• **WHAT YOU NEED TO DO**:
Copy the entries that appear below in full, leaving out any picture among them.

(INPUT begins)

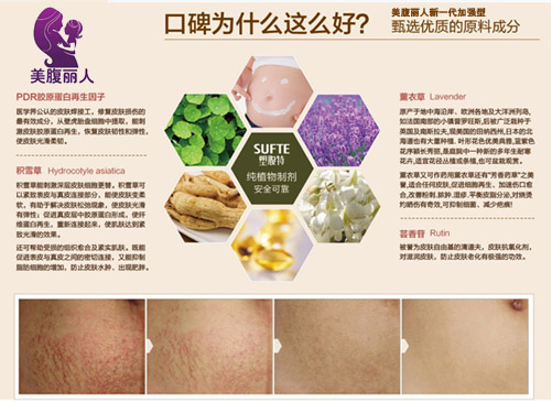 美腹麗人從問世到如今以其對健康、科學的堅持,一直嚴格按秘密配方中要求的純天然成分,對消費者的身體健康無任何副作用。美腹麗人獨有的EGF生長因子是從火蜥蜴血液中提取,具有促進表皮細胞和真皮細胞再生長,可使受損的皮膚表面修復,能激活多種生化酶,促進細胞DNA、RNA、羥脯氨酸的合成,促進病變肌膚的修復。能有效祛除肥胖紋的產品美腹麗人能使受損和斷裂的真皮彈性纖維更新、修復、起到平復肥胖紋,消除疤痕,吸收皮膚褶皺,緊致皮膚的效果!
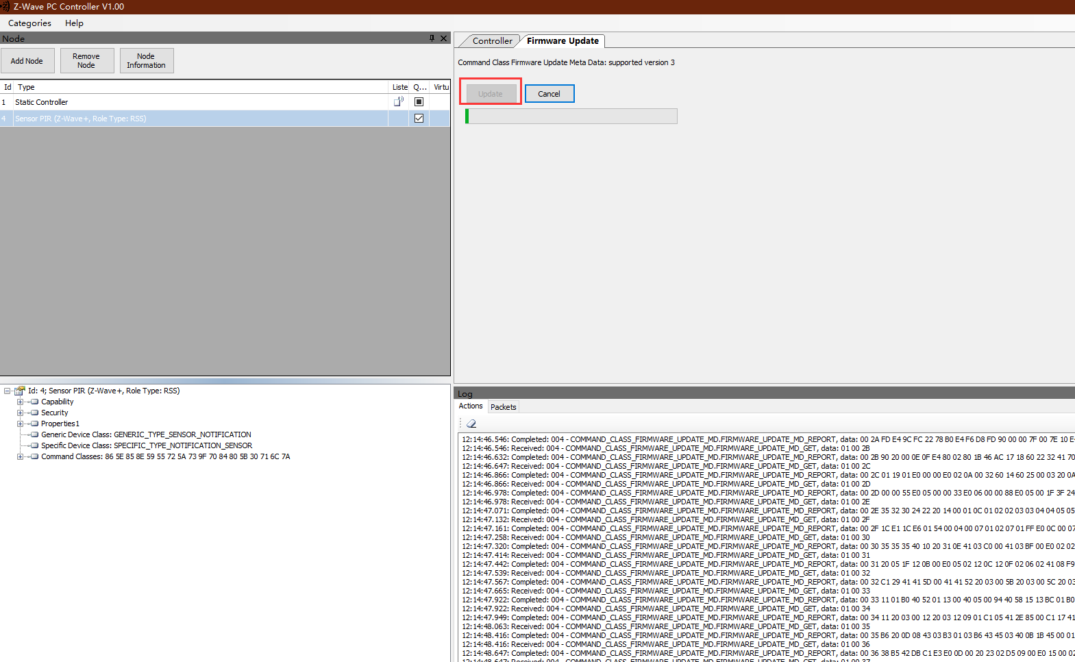 To upgrade your Smoke Detector (POPE009402) using a Z-Stick or any other general Z-Wave USB Adapter:
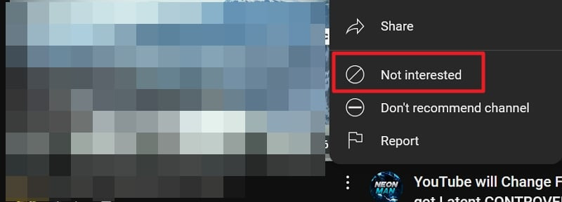 YouTube는 홈페이지의 모든 동영상에 사용할 수 있는 ' 관심 없음' 기능을 제공합니다. 동영상과 재생목록에서 '관심 없음' 버튼을 사용할 수 있습니다. 동영상이나 재생목록 옆에 있는 점 세 개 아이콘을 클릭하고 '관심 없음' 을 선택하세요.
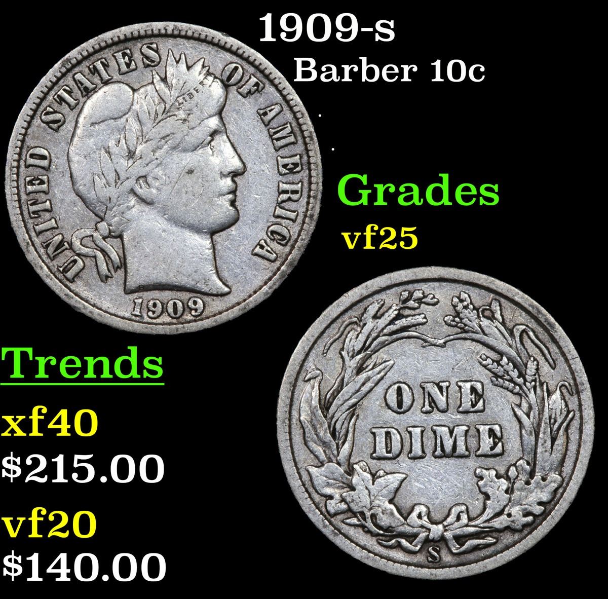1909-s . . Barber Dime 10c Grades vf+. A much better date!!
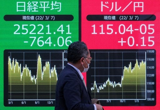 Este lunes, las bolsas asiáticas ya registraron fuertes pérdidas por el efecto del conflicto en Ucrania. Tokio perdió 2,94%, y cayó a su menor nivel desde noviembre de 2020, mientras Shanghái perdió 2,17%. Las pérdidas en Hong Kong fueron aún peores: -3,87%.
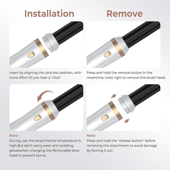 - Safety Air Curler:Our hot air brush styler and dryer plug have standard US ALCI Safety Plug Auto Leakage Protection. During use auto wrap curler, the handle temperature is high, please don’t worry, we have undergone numerous high-temperature experiments and have safety and explosion-proof properties. At the same time, Wear anti-scalding gloves when changing the air curler removable blow head to prevent burns.
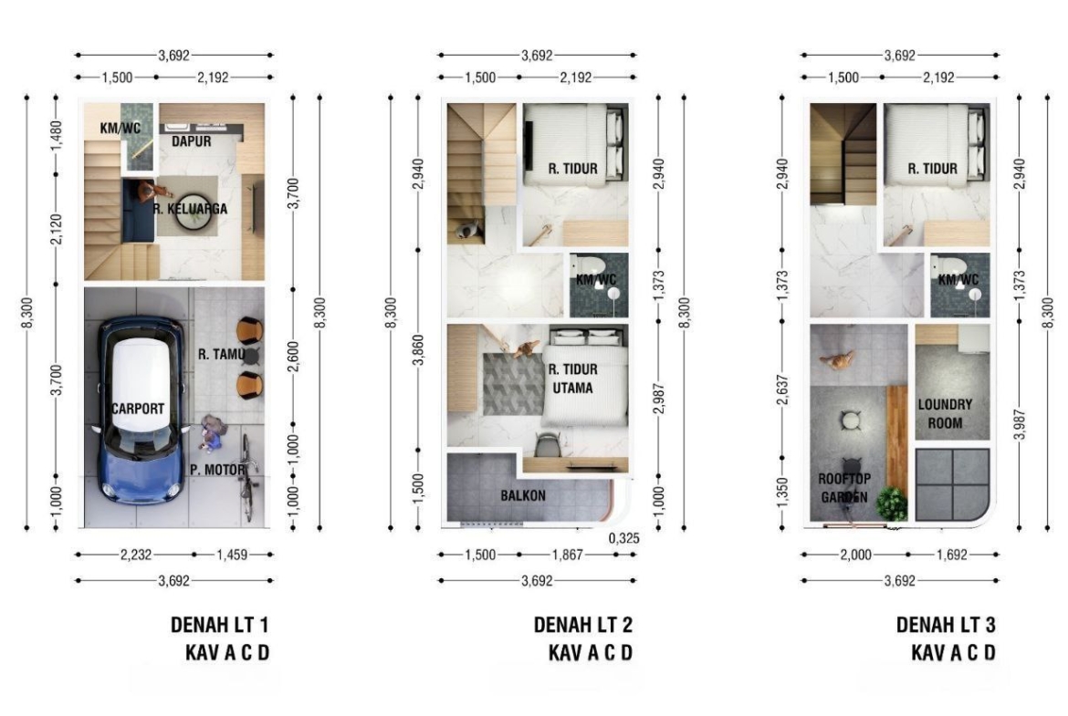 TOWNHOUSE TIGA LANTAI PLUS ROOFTOP
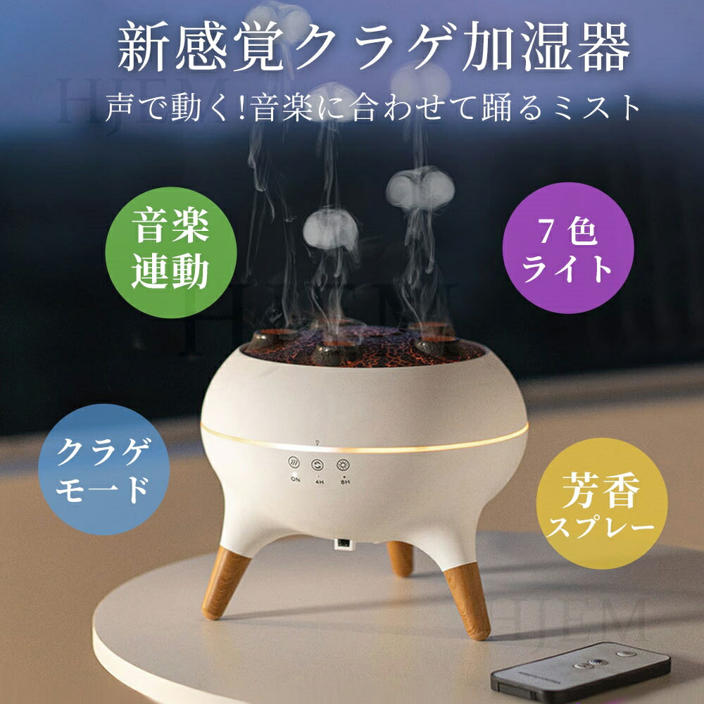 アロマディフューザー 加湿器 クラゲ 超音波式 アロマ超音波加湿器 音声操作 クラゲモード 7色LED リモコン 大容量 静音 小型 乾燥対策 コンパクト 寝室 おしゃれ ギフトに 自動オフ オフィス

(INPUT ends)

• **EXERCISE OUTPUT**:
 美腹麗人從問世到如今以其對健康、科學的堅持,一直嚴格按秘密配方中要求的純天然成分,對消費者的身體健康無任何副作用。美腹麗人獨有的EGF生長因子是從火蜥蜴血液中提取,具有促進表皮細胞和真皮細胞再生長,可使受損的皮膚表面修復,能激活多種生化酶,促進細胞DNA、RNA、羥脯氨酸的合成,促進病變肌膚的修復。能有效祛除肥胖紋的產品美腹麗人能使受損和斷裂的真皮彈性纖維更新、修復、起到平復肥胖紋,消除疤痕,吸收皮膚褶皺,緊致皮膚的效果!
 To upgrade your Smoke Detector (POPE009402) using a Z-Stick or any other general Z-Wave USB Adapter:
 YouTube는 홈페이지의 모든 동영상에 사용할 수 있는 ' 관심 없음' 기능을 제공합니다. 동영상과 재생목록에서 '관심 없음' 버튼을 사용할 수 있습니다. 동영상이나 재생목록 옆에 있는 점 세 개 아이콘을 클릭하고 '관심 없음' 을 선택하세요.
1909-s . . Barber Dime 10c Grades vf+. A much better date!!
 Este lunes, las bolsas asiáticas ya registraron fuertes pérdidas por el efecto del conflicto en Ucrania. Tokio perdió 2,94%, y cayó a su menor nivel desde noviembre de 2020, mientras Shanghái perdió 2,17%. Las pérdidas en Hong Kong fueron aún peores: -3,87%.
 - Safety Air Curler:Our hot air brush styler and dryer plug have standard US ALCI Safety Plug Auto Leakage Protection. During use auto wrap curler, the handle temperature is high, please don’t worry, we have undergone numerous high-temperature experiments and have safety and explosion-proof properties. At the same time, Wear anti-scalding gloves when changing the air curler removable blow head to prevent burns.
 TOWNHOUSE TIGA LANTAI PLUS ROOFTOP
 アロマディフューザー 加湿器 クラゲ 超音波式 アロマ超音波加湿器 音声操作 クラゲモード 7色LED リモコン 大容量 静音 小型 乾燥対策 コンパクト 寝室 おしゃれ ギフトに 自動オフ オフィス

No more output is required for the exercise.